12.19.2009

a very different buzz

I look at myself in the mirror. I'm wearing red and my eyes are wild and my hair is ruffled and dusted with snow and I think to myself: you are loved. And Loved. I sway and then catch myself on the edge of the sink--the last glass of wine is still running through my blood--and I see all these things. Favors and gifts and the right place at the right time. Shiny silver wrapping paper and Christmas cards and anticipation. Oh, I do appreciate spellcheck and I do appreciate the way the snow came up to my shins as I waded up to my back door a few minutes ago.

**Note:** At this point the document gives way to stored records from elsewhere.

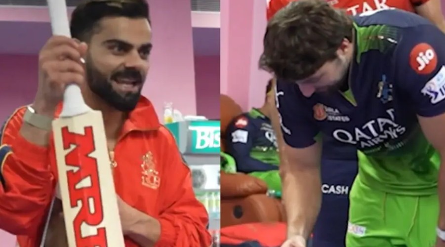 After Royal Challengers Bengaluru’s clash against Rajasthan Royals, the RCB dressing room witnessed a hilarious moment, courtesy of Aussie all-rounder Tim David. The prankster-in-chief decided to have some fun with none other than Virat Kohli by hiding one of his bats—a move that led to a burst of laughter among teammates and fans alike.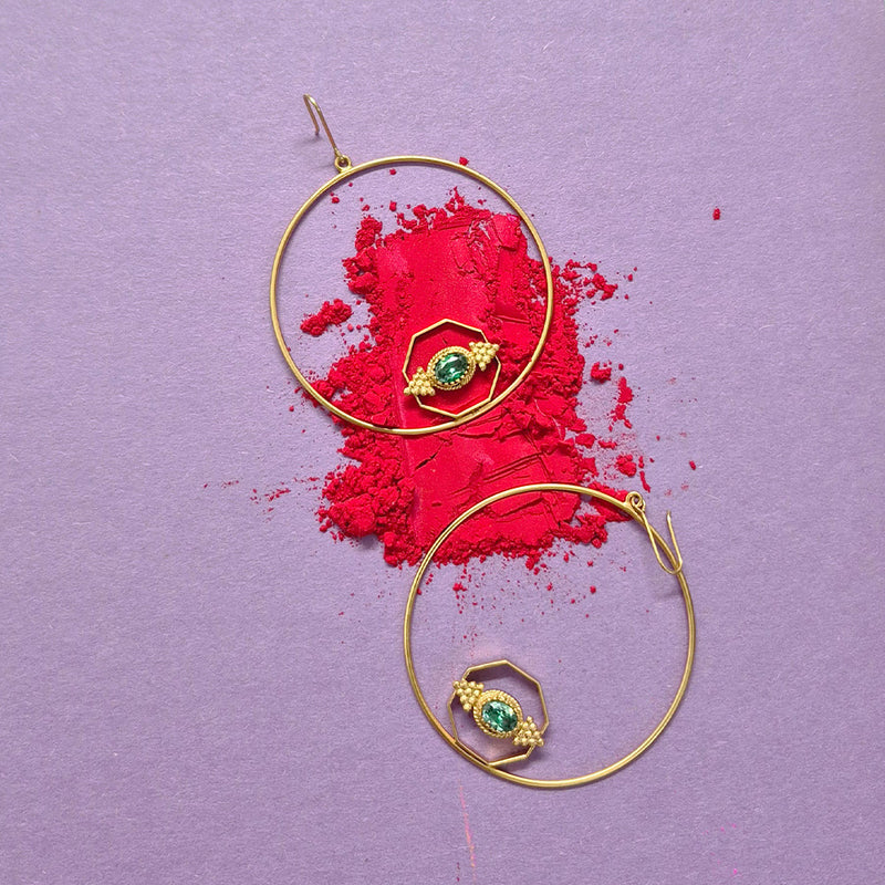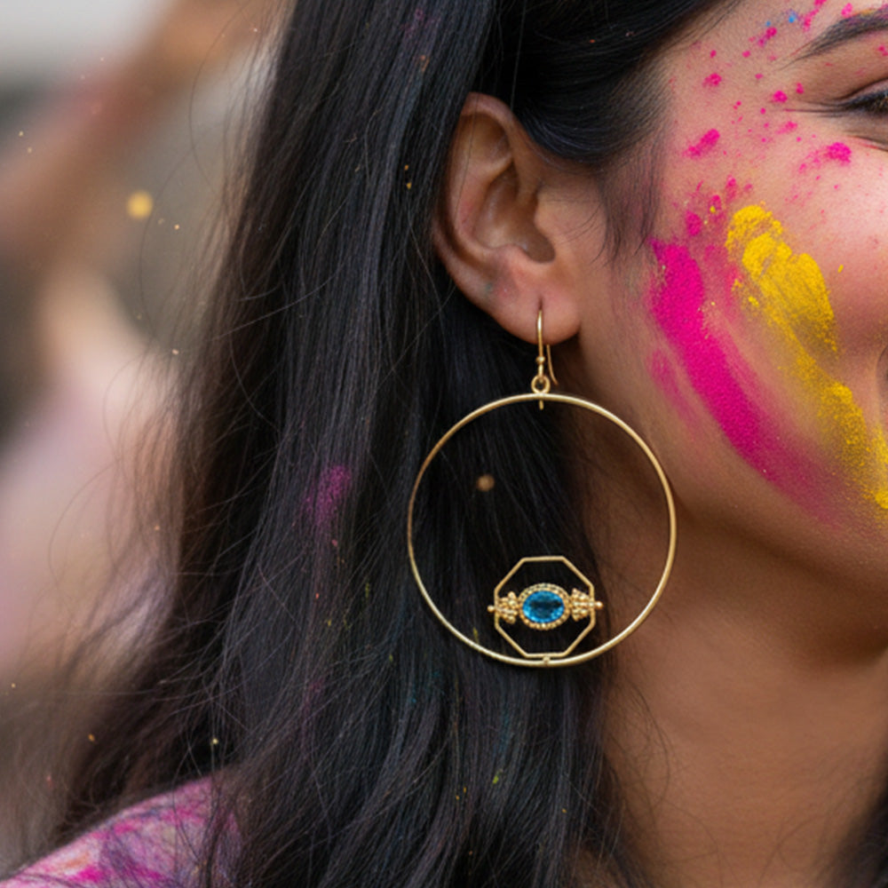 Add these handmade hoop earrings by local artisans in 22k gold plating to your Holi outfit.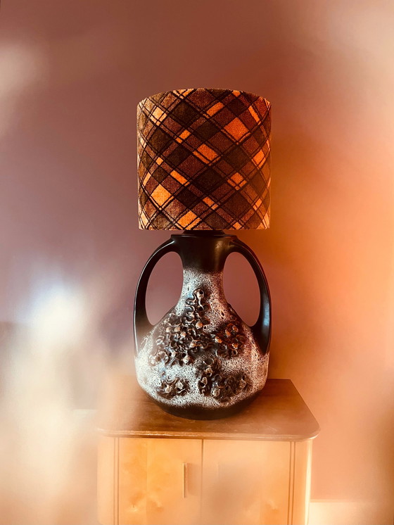 Een zeer expressieve grote lava vloerlamp – met het allerbeste van het Duitse 60-70 design van het midden van de 20e eeuw. 'Richard Essig' is een veelgeprezen Duitse kunstenaar uit die tijd. Dikke donkere chocoladebruine tinten met crèmekleurige bubbelende lavaglazuur langs de gaatjes, waardoor het binnenlicht helder kan gloeien en warme lichtstippen op de vloer werpt, wat een warm levendig sprankelend effect geeft.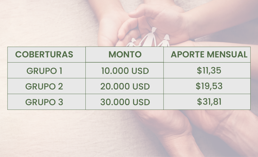 Por cualquiera de esas opciones se indemnizará a la familia por el monto asegurado en caso de fallecimiento del socio.

I feel like I'm too far north, but I'm here--I'm in Virginia and I'm glad to be so and this snow, this sparkly, deep, drifting snow, is covering up everything I've been trying to forget. I need nights like these, with the blue and red and green and white lights and endless glasses of sangria and mutualism and the boy who drives in to town through the snow just to be with me, to be by my side when I need him. I mean, who am I to earn this? I'm not, and I have not, but it's mine, nonetheless--the dear, dear friend in the tall white socks and the laughter and accented voices and oranges hung on a tree. I mean: I'd be thinking all of this even without the buzzing in my head, but it's helping, in a way, to get this in place and to put it in a line. I don't mind.